**Your task**
What you return should be the complete data below, word for word, with no pictures in it.

[[ The data, beginning ]]

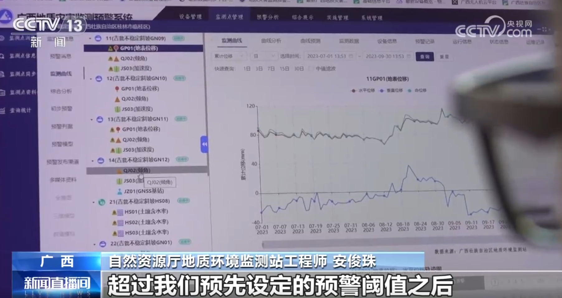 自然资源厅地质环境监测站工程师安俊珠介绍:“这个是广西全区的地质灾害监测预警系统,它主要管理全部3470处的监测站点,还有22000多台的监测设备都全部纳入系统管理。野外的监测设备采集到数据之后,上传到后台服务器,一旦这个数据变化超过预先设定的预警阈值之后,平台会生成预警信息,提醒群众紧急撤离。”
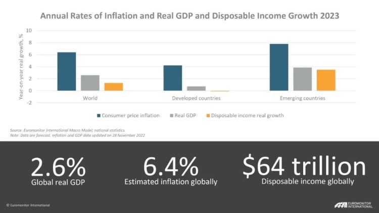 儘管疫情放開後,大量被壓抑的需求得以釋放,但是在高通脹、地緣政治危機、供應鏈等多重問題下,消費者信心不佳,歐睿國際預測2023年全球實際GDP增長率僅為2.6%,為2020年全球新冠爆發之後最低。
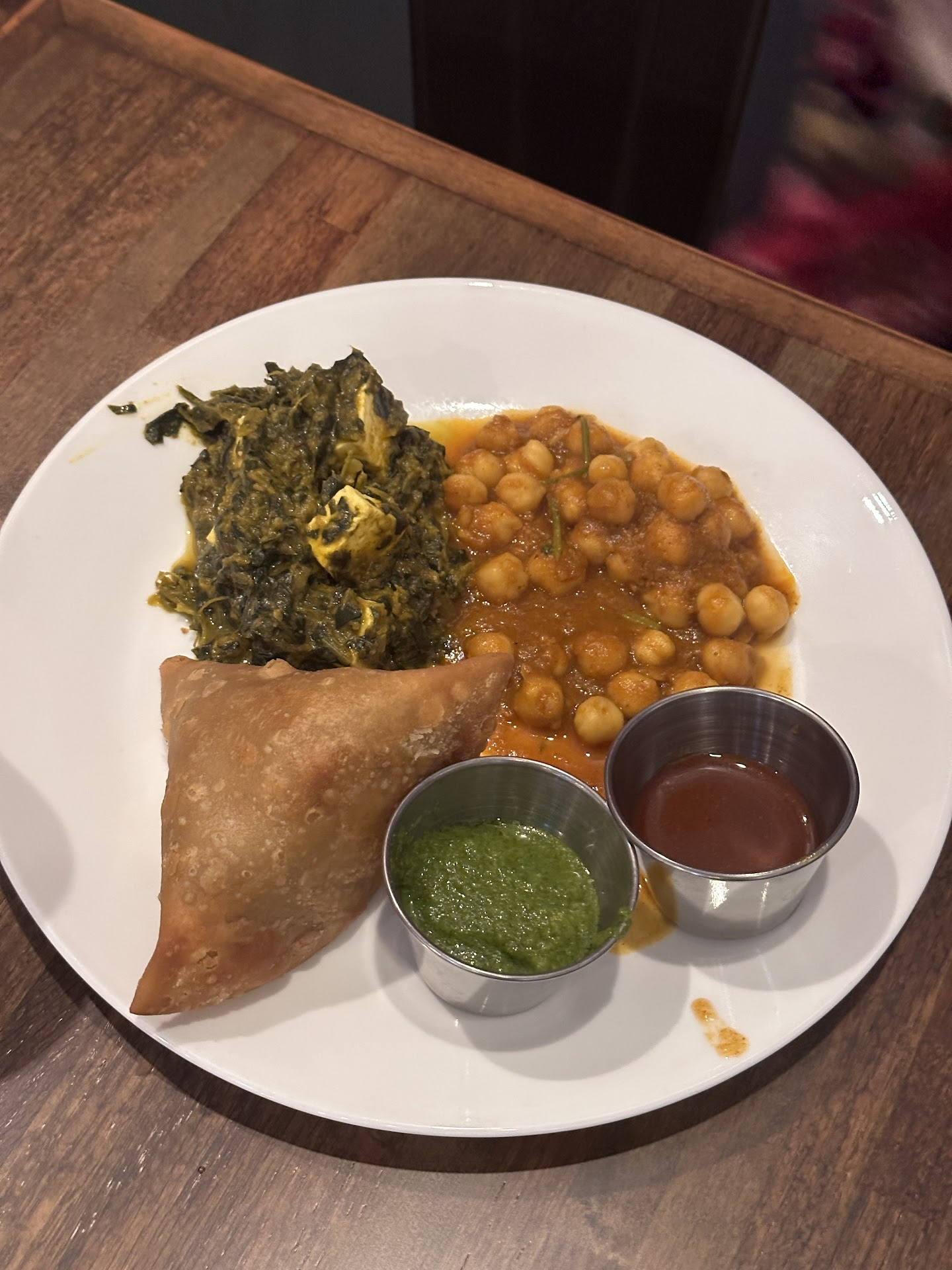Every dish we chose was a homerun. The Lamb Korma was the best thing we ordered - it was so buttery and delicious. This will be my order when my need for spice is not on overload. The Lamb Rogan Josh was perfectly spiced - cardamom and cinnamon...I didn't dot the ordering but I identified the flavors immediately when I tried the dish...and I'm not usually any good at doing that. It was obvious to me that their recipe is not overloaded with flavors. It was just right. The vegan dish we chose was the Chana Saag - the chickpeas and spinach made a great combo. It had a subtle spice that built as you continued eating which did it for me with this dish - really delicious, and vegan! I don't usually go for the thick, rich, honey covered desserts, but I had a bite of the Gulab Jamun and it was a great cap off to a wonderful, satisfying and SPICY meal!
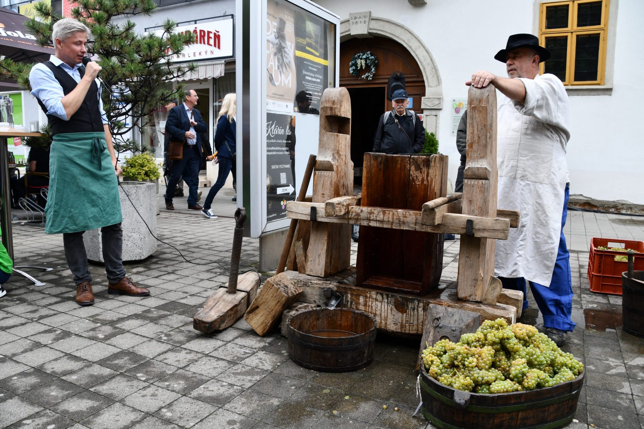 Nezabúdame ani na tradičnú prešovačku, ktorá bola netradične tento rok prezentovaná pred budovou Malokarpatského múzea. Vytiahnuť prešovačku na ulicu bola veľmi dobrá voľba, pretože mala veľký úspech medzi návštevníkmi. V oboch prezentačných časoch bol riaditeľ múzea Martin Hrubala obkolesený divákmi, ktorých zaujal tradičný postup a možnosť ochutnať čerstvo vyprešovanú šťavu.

[[ The data, end ]]

**Written answer**
 自然资源厅地质环境监测站工程师安俊珠介绍:“这个是广西全区的地质灾害监测预警系统,它主要管理全部3470处的监测站点,还有22000多台的监测设备都全部纳入系统管理。野外的监测设备采集到数据之后,上传到后台服务器,一旦这个数据变化超过预先设定的预警阈值之后,平台会生成预警信息,提醒群众紧急撤离。”
 儘管疫情放開後,大量被壓抑的需求得以釋放,但是在高通脹、地緣政治危機、供應鏈等多重問題下,消費者信心不佳,歐睿國際預測2023年全球實際GDP增長率僅為2.6%,為2020年全球新冠爆發之後最低。
Every dish we chose was a homerun. The Lamb Korma was the best thing we ordered - it was so buttery and delicious. This will be my order when my need for spice is not on overload. The Lamb Rogan Josh was perfectly spiced - cardamom and cinnamon...I didn't dot the ordering but I identified the flavors immediately when I tried the dish...and I'm not usually any good at doing that. It was obvious to me that their recipe is not overloaded with flavors. It was just right. The vegan dish we chose was the Chana Saag - the chickpeas and spinach made a great combo. It had a subtle spice that built as you continued eating which did it for me with this dish - really delicious, and vegan! I don't usually go for the thick, rich, honey covered desserts, but I had a bite of the Gulab Jamun and it was a great cap off to a wonderful, satisfying and SPICY meal!
 Nezabúdame ani na tradičnú prešovačku, ktorá bola netradične tento rok prezentovaná pred budovou Malokarpatského múzea. Vytiahnuť prešovačku na ulicu bola veľmi dobrá voľba, pretože mala veľký úspech medzi návštevníkmi. V oboch prezentačných časoch bol riaditeľ múzea Martin Hrubala obkolesený divákmi, ktorých zaujal tradičný postup a možnosť ochutnať čerstvo vyprešovanú šťavu.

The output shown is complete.